Manga wird Propaganda

Auch als Designjunkie will der Künstler Tilo Schulz unbedingt kritische Inhalte verhandeln – was ihm in seiner Ausstellung „formschön“ in der Galerie für Zeitgenössische Kunst in Leipzig auch gelingt

VON SUSANNE ALTMANN

Die lange Schaufensterpromenade der Galerie für Zeitgenössische Kunst in Leipzig ist immer für eine Überraschung gut. Vor einiger Zeit wurden die Passanten mit dem Schriftzug „Der Sozialismus siegt“ verstört, den Via Lewandowsky aus dem verblichenen DDR-Alltag hierher kopierte. Nun zeigt sich die Glasfassade von einer weißen Tüllgardine verhüllt – wohnlich und züchtig zugleich. Die großen Gesten spart sich Tilo Schulz für drinnen auf.

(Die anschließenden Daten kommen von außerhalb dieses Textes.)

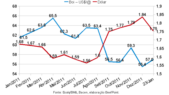 Boi Gordo: seca de 2011 reduz oferta de animais nos Estados Unidos, maior produtor mundial, abrindo espaço para o Brasil atender parte da demanda global. No mercado interno, preço da arroba não evolui diante da concorrente queda do valor do frango para o consumidor.
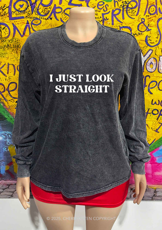 I Just Look Straight Y2K Washed Sweatshirts Cherrykitten

Der gebürtige Leipziger (*1972) hat sich in dem flachen Pavillon ein Heimspiel organisiert. Er ist der erste Künstler, der den 2004 eröffneten Neubau des Berliner Architekturbüros AS-IF ganz allein bestücken darf. Das eingeschossige Gebäude lässt sich durch verschiebbare Wände beliebig verwandeln und Schulz hat sich für eine labyrinthische Streckenführung entschieden. Auf diese Weise liegen der erste und der letzte Ausstellungsraum schließlich Wand an Wand und sind nicht nur durch einen schmalen Schlitz in Fußbodennähe miteinander verbunden. Zusätzlich durchbricht eine minimalistische Stahlrohr-Skulptur die Trennwand, um auf der anderen Seite als simples Regalsystem wieder aufzutauchen. In dieser Mutation des autonomen Kunstwerks zum Gebrauchsgegenstand zeigt sich bereits Schulz’ ehrgeizige Mission. Die heißt: Versöhnung von Kunst und Design. Oder doch eher Versöhnung von Dekor und Gesellschaftskritik? Oder von Autonomie und Funktion? Die Richtung ist jedenfalls klar, auch wenn sich der museale und diskursive Parcours bisweilen ein wenig schlängelt.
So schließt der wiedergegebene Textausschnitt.